Migrating Subversion repositories to GitEdit
I used to host a number of public Subversion repositories for open source projects. Due to long-standing dissatisfaction with Subversion’s inadequate support for branching and merging, in early 2007 I started using SVK locally as an additional layer while maintaining the server-side infrastructure.
But although SVK is very good, it is written in Perl and has proved to be quite slow. SVK’s local mirroring eliminates the network bottleneck for some operations, but still proves to be quite slow overall. Git on the other hand delivers most of the advantages of SVK (see "Git advantages" and "SVK advantages") but additionally offers unrivalled speed for most operations, is more powerful and more robust in my judgement, and offers excellent documentation (see "Git documentation" on par or better than Subversion’s and far in advance of SVK’s).
Although Git, like SVK, can be used as a gateway to/from a central Subversion server, I’ve decided to simplify my infrastructure by eventually replacing my existing Subversion repositories with Git ones rather than just layering Git over the top.

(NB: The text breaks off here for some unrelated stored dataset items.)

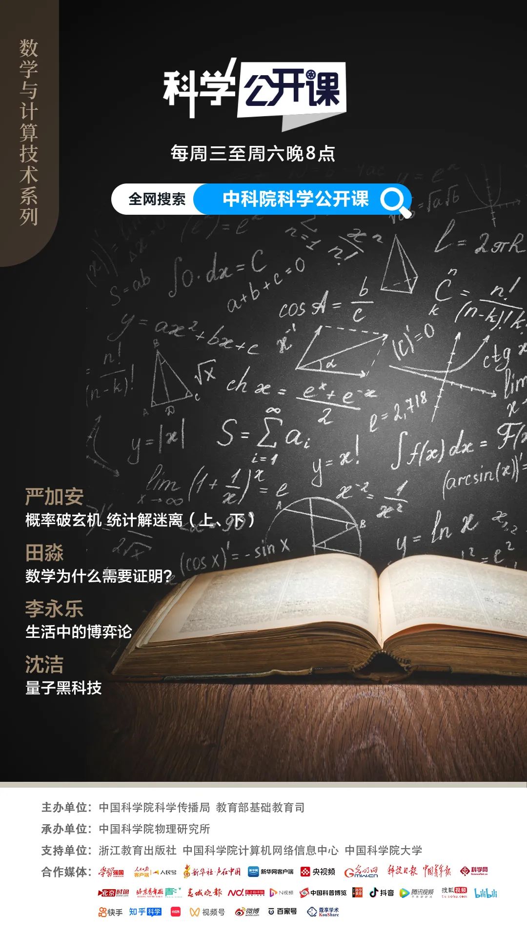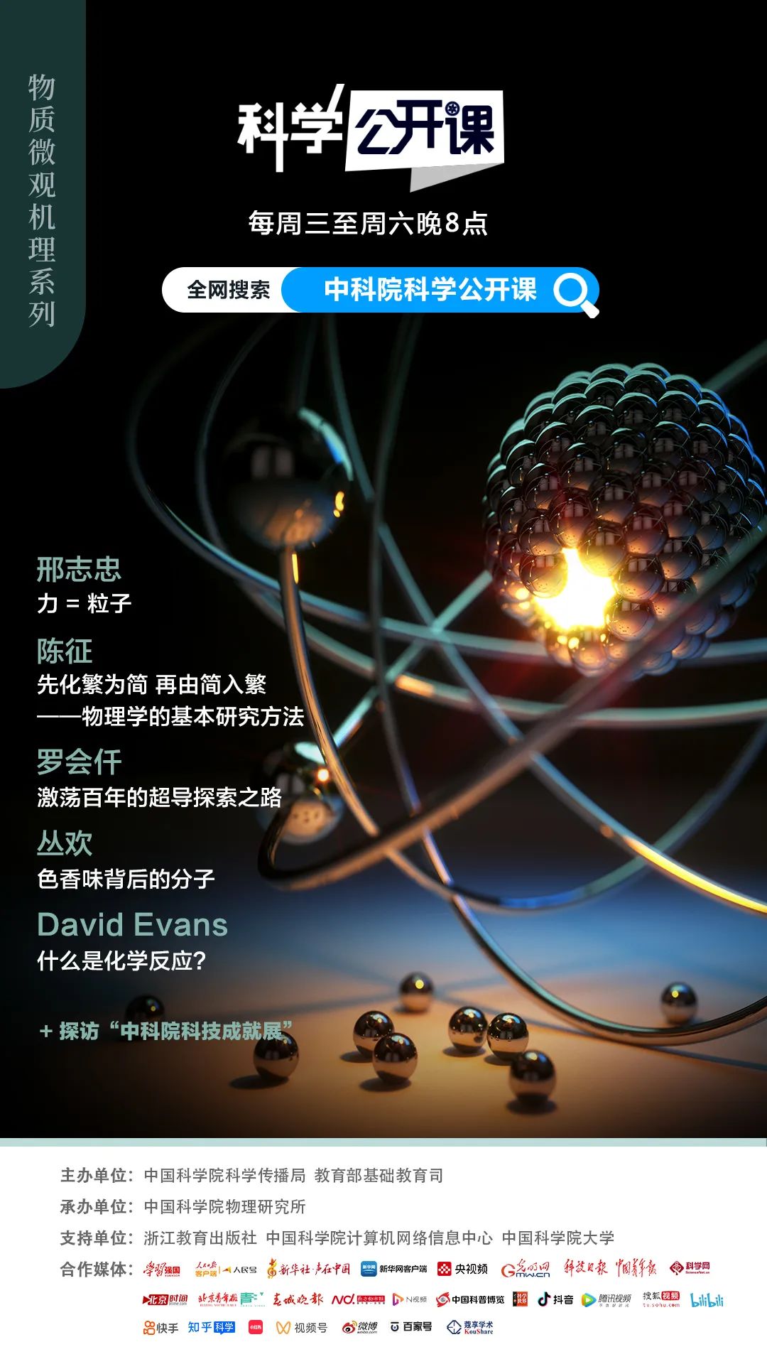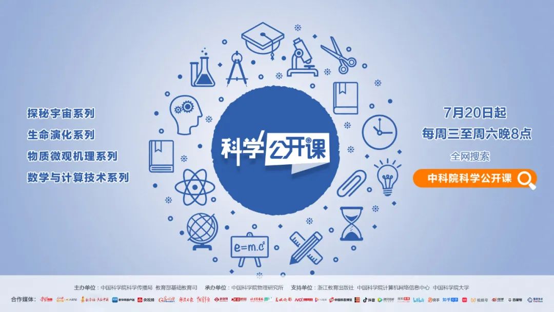 除上述合作媒体外,您还可以在中国科学院大学、国家天文台、中科院高能所、神计妙算、中科院地质地球所、我们的空间站、DeepTech 等账号以及科普中国、今日头条、西瓜视频、钉钉、科研云、花漾搜索等平台同步收看《科学公开课》(第二季)的直播与回放。
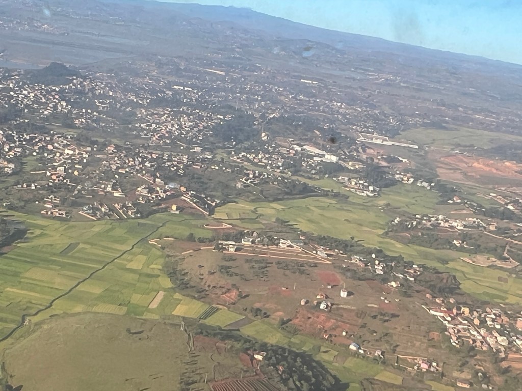 The country looks pretty rugged from the air. Around Tana there is lots of buildings on hills and flat land/valleys seem dedicated to crops/farming. The land is hilly, with very few trees around Tana. I also noticed quite a bit of water – lots shallow possibly for rice fields.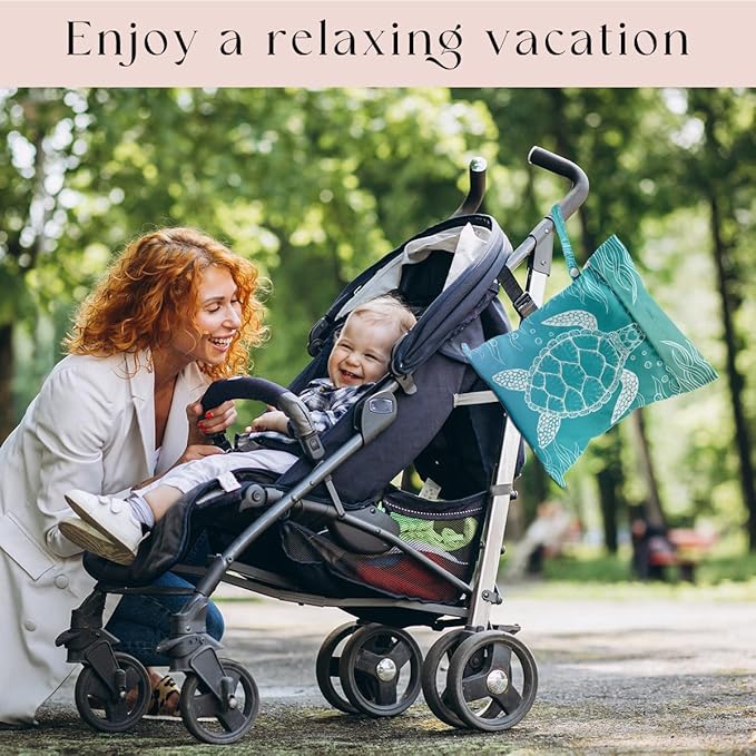 - ๐ ENOUGH SPACE โYou will get 1 wet bag, the size is approx.: 10.2" x 12.6". Comes with a handle so that you can easily pick the bag up or hang it. Each can hold approximately 5 cloth diapers. They are light weight, easy to carry, swimsuit bag, Beach essentials.

Once the initial set-up is done (describe below) migrating additional repositories is very easy. The basic pattern for a shallow (no-history) import is:
# For *public* repositories:
# on the remote (public) machine:
# create a new bare repository
cd /pub/git/path_to_public_repositories
sudo -u git mkdir repo.git
cd repo.git
sudo -H -u git git --bare init
sudo -u git touch git-daemon-export-ok
# Alternatively, for private repositories:
cd /pub/git/path_private_repositories
sudo -u git mkdir repo.git
cd repo.git
sudo -H u git git --bare init
# on the local (private) machine:
# create a new empty repository and prepare the initial commit
svn export svn://svn.example.com/repo/trunk repo
cd repo
git init
git add .
git commit -s
# actually push
git remote add origin git.example.com:/pub/git/path_to_public_repositories/repo.git
git config branch.master.remote origin
git config branch.master.merge refs/heads/master
git push --all
# add a tag corresponding to Subversion revision number (eg r79)
git tag -s r79
git push --tags
# now, back on the remote machine:
# for *public* repositories, set up gitweb
cd path_to_repo
echo "Description of this repository" | sudo -u git tee description
echo "repository.git Owner+Name+<owner@example.com>" | sudo -u git tee -a /pub/git/conf/gitweb-projects
echo "git://git.example.com/repository.git" | sudo -u git tee cloneurl
Preliminaries
The standard location for repositories served by git-daemon
(see man git-daemon
) is inside /pub/git
so I began by creating the /pub
directory:
cd /
sudo mkdir pub
Seeing as I was planning on locking down access with git-shell
(see man git-shell
) I added the appropriate line into my /etc/shells
list:
sudo -s
# tailor according to where you installed git-shell
echo "/usr/local/bin/git-shell" >> /etc/shells
I then created a git
user and set its shell to /usr/local/bin/git-shell
, disabled login (that is, in the /etc/shadow
file the git
user should have only a *
in its password field), and set its home directory to /pub/git
; seeing as I used Webmin the home directory and corresponding git
group were automatically set up for me.
Then for some once-only global set-up for git user:
# turn on new 1.5 features which break backwards compatibility
sudo -H -u git git config --global core.legacyheaders false
sudo -H -u git git config --global repack.usedeltabaseoffset true
I also had to add this to /etc/services
:
git 9418/tcp # Git version control system
And add this file, /etc/xinetd.d/git
:
service git
{
port = 9418
socket_type = stream
protocol = tcp
user = git
server = /usr/local/bin/git-daemon
server_args = --inetd --base-path=/pub/git/path_to_public_repos -- /pub/git/path_to_public_repos
type = UNLISTED
wait = no
max_load = 5
instances = 5
}
Finally I had to get xinetd
to re-read its configuration by sending it a SIGHUP
.
SSH set up
While anonymous, read-only access is provided by the git-daemon
, write access for developers takes place over SSH. As I am the only contributor on these projects at this stage the set-up is quite straight forward as there are no tricky permissions or shared repository concerns to worry about.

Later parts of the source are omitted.